* EXERCISE DATA:

== Segment start ==

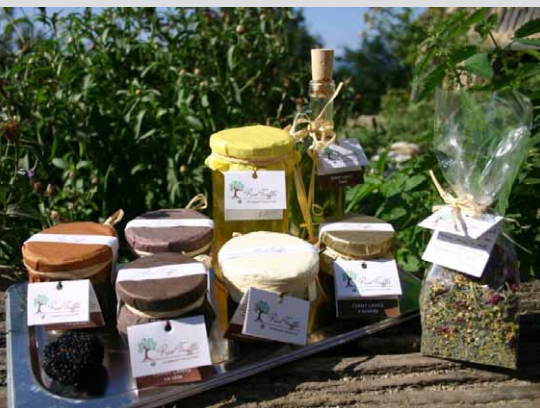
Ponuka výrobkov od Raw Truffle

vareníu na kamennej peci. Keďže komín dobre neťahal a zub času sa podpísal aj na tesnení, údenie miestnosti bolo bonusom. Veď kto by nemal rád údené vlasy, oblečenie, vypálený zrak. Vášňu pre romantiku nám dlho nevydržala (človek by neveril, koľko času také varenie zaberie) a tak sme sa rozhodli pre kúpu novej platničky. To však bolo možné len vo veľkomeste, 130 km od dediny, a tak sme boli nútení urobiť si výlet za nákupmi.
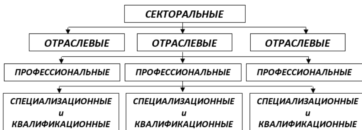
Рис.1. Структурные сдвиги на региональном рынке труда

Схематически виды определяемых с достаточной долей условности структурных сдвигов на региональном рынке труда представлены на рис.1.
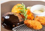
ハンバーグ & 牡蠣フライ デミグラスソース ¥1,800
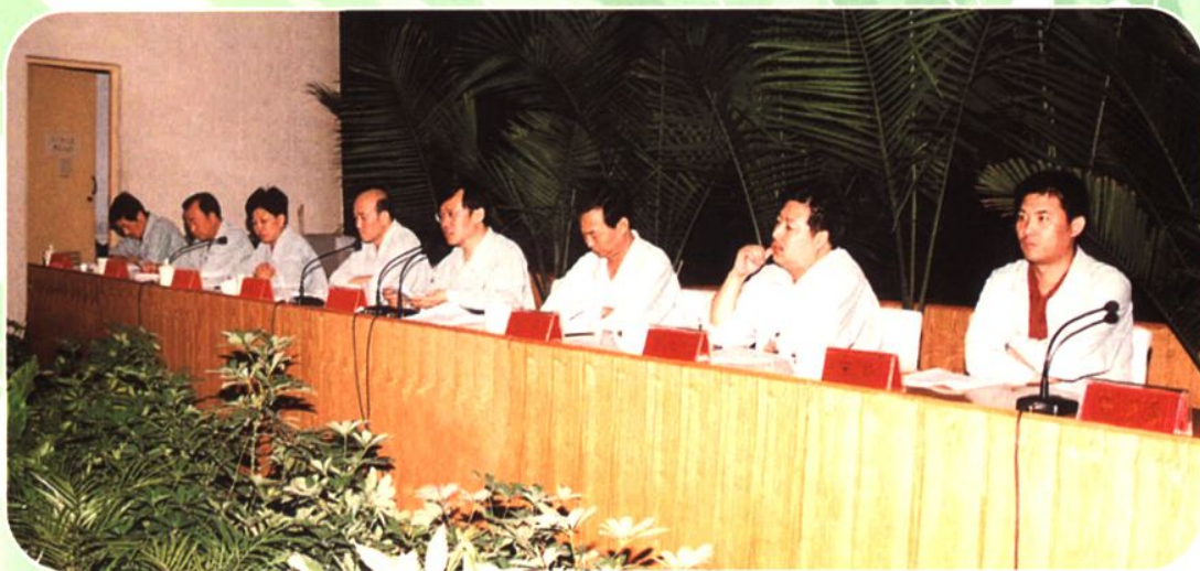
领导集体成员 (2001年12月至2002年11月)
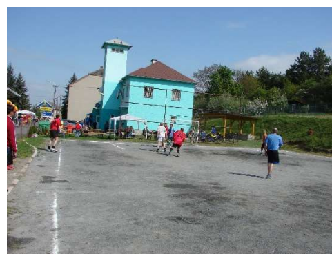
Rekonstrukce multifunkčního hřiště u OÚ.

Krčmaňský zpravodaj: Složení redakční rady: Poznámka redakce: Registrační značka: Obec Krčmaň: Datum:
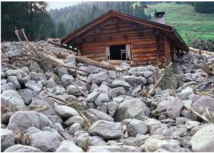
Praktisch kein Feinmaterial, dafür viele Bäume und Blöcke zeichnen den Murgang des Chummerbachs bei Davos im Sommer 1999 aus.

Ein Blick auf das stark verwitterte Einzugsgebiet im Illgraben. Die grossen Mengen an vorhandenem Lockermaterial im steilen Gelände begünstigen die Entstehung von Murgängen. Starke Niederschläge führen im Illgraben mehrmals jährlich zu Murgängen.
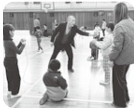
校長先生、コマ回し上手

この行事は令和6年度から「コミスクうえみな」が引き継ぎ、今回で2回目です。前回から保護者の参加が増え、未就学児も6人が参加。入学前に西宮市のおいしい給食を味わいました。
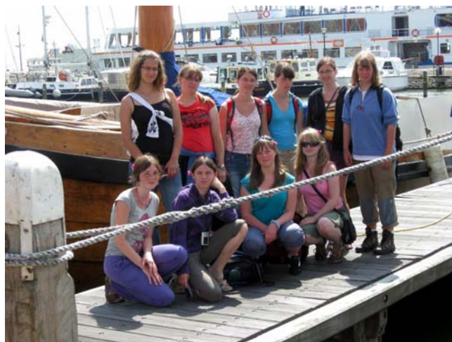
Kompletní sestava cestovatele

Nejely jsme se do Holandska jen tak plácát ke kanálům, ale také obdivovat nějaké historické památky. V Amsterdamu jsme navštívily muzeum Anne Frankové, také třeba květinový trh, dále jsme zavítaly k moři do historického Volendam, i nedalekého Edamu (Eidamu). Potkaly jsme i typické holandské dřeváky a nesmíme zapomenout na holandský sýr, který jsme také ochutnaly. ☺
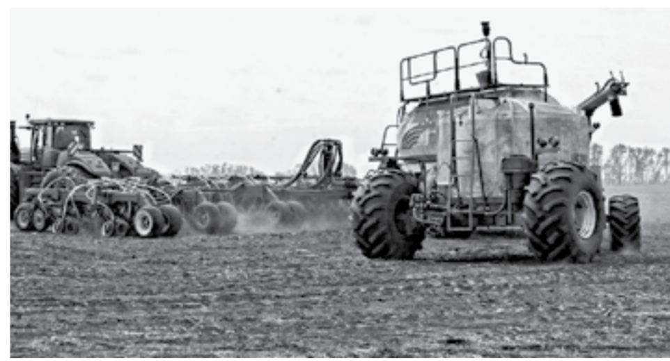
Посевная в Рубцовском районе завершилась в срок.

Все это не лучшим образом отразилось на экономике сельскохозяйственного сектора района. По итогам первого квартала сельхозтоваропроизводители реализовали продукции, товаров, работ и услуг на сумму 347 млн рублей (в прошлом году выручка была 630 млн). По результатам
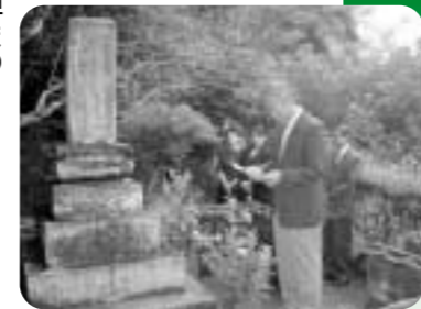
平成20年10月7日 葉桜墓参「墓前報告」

== Segment end ==
== Segment start ==

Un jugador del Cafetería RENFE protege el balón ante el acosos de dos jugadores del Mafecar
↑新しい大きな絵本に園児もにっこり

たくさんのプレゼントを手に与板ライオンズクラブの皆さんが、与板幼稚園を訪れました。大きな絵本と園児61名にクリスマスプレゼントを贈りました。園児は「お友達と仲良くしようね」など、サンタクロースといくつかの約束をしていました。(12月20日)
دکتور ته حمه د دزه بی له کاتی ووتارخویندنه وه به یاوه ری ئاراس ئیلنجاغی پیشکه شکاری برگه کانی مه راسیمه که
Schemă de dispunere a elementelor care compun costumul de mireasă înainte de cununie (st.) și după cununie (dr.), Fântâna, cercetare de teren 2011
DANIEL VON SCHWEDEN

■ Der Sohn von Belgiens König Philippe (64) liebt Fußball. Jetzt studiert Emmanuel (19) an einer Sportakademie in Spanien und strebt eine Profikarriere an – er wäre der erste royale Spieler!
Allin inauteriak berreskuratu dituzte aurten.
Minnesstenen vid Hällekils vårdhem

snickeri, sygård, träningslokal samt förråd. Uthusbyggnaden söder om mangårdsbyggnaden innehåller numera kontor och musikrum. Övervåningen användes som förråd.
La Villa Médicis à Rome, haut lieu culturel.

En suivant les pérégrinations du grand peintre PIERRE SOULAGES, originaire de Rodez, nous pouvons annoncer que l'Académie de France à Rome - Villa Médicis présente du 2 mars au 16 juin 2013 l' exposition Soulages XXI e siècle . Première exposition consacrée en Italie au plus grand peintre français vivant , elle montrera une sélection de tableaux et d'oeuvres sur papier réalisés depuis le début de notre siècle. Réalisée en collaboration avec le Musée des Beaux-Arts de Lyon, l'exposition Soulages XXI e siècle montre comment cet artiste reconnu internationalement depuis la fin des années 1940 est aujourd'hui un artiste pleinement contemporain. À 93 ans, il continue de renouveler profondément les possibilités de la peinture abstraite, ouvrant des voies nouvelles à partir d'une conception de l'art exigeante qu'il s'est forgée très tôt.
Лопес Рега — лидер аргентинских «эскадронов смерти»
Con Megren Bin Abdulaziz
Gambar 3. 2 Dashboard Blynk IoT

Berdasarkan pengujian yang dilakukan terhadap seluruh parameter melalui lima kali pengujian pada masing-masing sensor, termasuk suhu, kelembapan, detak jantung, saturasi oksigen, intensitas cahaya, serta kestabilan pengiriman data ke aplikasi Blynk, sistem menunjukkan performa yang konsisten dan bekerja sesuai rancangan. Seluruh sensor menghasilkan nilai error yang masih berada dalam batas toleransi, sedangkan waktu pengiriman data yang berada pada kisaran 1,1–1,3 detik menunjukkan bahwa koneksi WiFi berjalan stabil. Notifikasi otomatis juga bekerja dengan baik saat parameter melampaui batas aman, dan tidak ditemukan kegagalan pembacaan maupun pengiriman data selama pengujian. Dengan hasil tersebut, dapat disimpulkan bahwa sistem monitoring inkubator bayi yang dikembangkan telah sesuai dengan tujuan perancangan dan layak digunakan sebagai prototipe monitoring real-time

== Segment end ==
== Segment start ==

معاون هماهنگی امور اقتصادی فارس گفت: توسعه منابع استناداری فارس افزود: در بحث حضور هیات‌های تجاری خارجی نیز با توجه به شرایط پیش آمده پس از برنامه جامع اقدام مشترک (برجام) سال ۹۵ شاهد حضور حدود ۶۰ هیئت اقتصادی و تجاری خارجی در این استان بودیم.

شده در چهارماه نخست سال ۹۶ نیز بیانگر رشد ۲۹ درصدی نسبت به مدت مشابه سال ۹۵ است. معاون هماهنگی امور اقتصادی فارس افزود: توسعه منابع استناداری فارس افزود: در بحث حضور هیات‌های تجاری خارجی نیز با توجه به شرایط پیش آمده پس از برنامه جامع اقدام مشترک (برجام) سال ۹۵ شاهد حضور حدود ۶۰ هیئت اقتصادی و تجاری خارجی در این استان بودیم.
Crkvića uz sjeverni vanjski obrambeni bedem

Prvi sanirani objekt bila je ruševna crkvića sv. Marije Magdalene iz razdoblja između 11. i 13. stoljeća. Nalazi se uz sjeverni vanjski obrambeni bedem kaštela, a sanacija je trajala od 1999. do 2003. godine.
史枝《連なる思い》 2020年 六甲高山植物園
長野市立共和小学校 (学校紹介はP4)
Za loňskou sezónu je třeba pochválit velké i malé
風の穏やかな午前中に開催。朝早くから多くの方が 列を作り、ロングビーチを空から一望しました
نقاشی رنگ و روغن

== Segment end ==

* PROMPT: Show the lines in the entries above that include the string "Rome".

* RESPONSE AREA:
La Villa Médicis à Rome, haut lieu culturel.
En suivant les pérégrinations du grand peintre PIERRE SOULAGES, originaire de Rodez, nous pouvons annoncer que l'Académie de France à Rome - Villa Médicis présente du 2 mars au 16 juin 2013 l' exposition Soulages XXI e siècle . Première exposition consacrée en Italie au plus grand peintre français vivant , elle montrera une sélection de tableaux et d'oeuvres sur papier réalisés depuis le début de notre siècle. Réalisée en collaboration avec le Musée des Beaux-Arts de Lyon, l'exposition Soulages XXI e siècle montre comment cet artiste reconnu internationalement depuis la fin des années 1940 est aujourd'hui un artiste pleinement contemporain. À 93 ans, il continue de renouveler profondément les possibilités de la peinture abstraite, ouvrant des voies nouvelles à partir d'une conception de l'art exigeante qu'il s'est forgée très tôt.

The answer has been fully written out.